Yesterday Cornwell Internet attended the funeral of our oldest client, Ted Rogers, who was also my uncle.
When you have known someone all your life, it’s easier to take for granted how exceptional they are. Ted was severely burned during the war, and underwent extensive – and pioneering – plastic surgery, despite which he was extensively scarred for the rest of his life, particularly on his face and hands. Yet when he was able to, he returned to physical outdoor work: he was a bricklayer – by choice, when his brothers all worked in the professions, the Excise and the Inland Revenue, a teacher and a pharmacist. When his sons were old enough, and there was a little money to spare, he and his wife Enid bought a boat, a fifty year old ketch which they restored and sailed round the Mediterranean. In Malta, they saw a boat being built of ferro-concrete, and decided that they too would built a boat – which they named Phoenix, and sailed across the Atlantic. Off Florida, they struck a coral reef, and Phoenix was wrecked
This should be the end of the story – it is the point at which Ted ended his autobiography, Journeyman – but Ted and Enid returned to Crawley and resumed their lives. They had been founder members of Crawley Communist Party, and helped organise the rent strike of 1955; they continued to be active in the peace movement. Ted was a founder of Ex-servicemen’s CND, a contributor to the Peace Garden in a local park, a member of the Campaign against Racism and still attending union meetings shortly before his 90th birthday.
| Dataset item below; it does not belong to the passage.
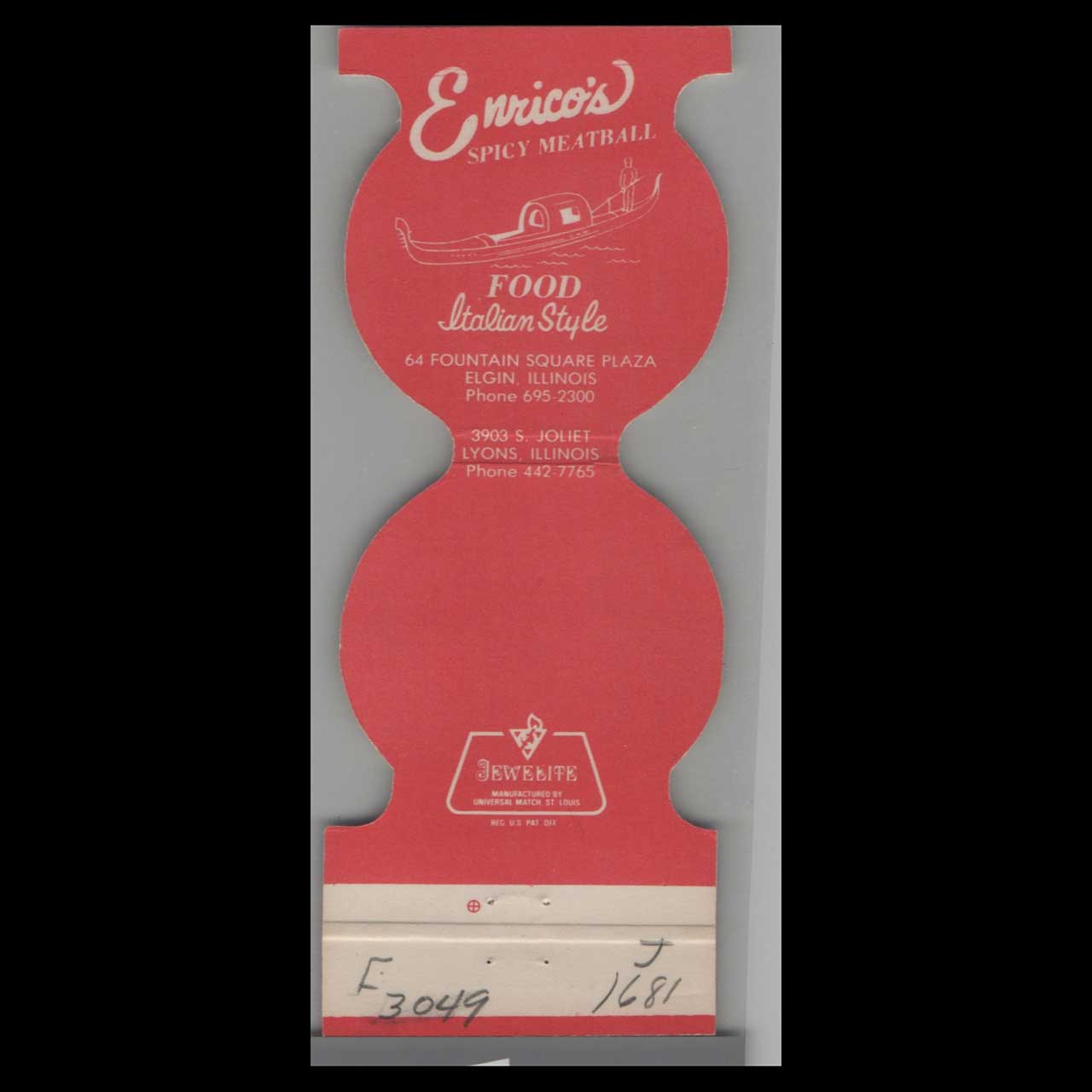Enrico’s Spicy Meatball in Elgin, IL, served authentic Italian flavors with a fiery twist. This die-cut matchbook is a nostalgic piece of Americana for collectors.

The family had gathered in February to celebrate that birthday; yesterday we met again, together with friends and comrades, in the Friends’ Meeting House in Ifield, to remember a many faceted man, an activist who charmed others into activity, a lover of people and of poetry. His grand-daughter read O’Shaughnessy’s Ode, one of the many poems Ted had loved and could quote at length from memory:
We are the music makers,
And we are the dreamer of dreams,
Wandering by lone sea-breakers,
And sitting by desolate streams;
World-losers and world-forsakers,
On whom the pale moon gleams:
Yet we are the movers and shakers
Of the world for ever, it seems.
In Journeyman Ted describes the wreck of the Phoenix:
Now, the larger dinghy had its side stove in, and one of the buoyancy compartments had been opened up on the second dinghy. I felt that our position would soon become untenable. Enid thought it already had. Very generously, she gave me a little smile, and said, "Well, it’s been nice knowing you."
It has, indeed.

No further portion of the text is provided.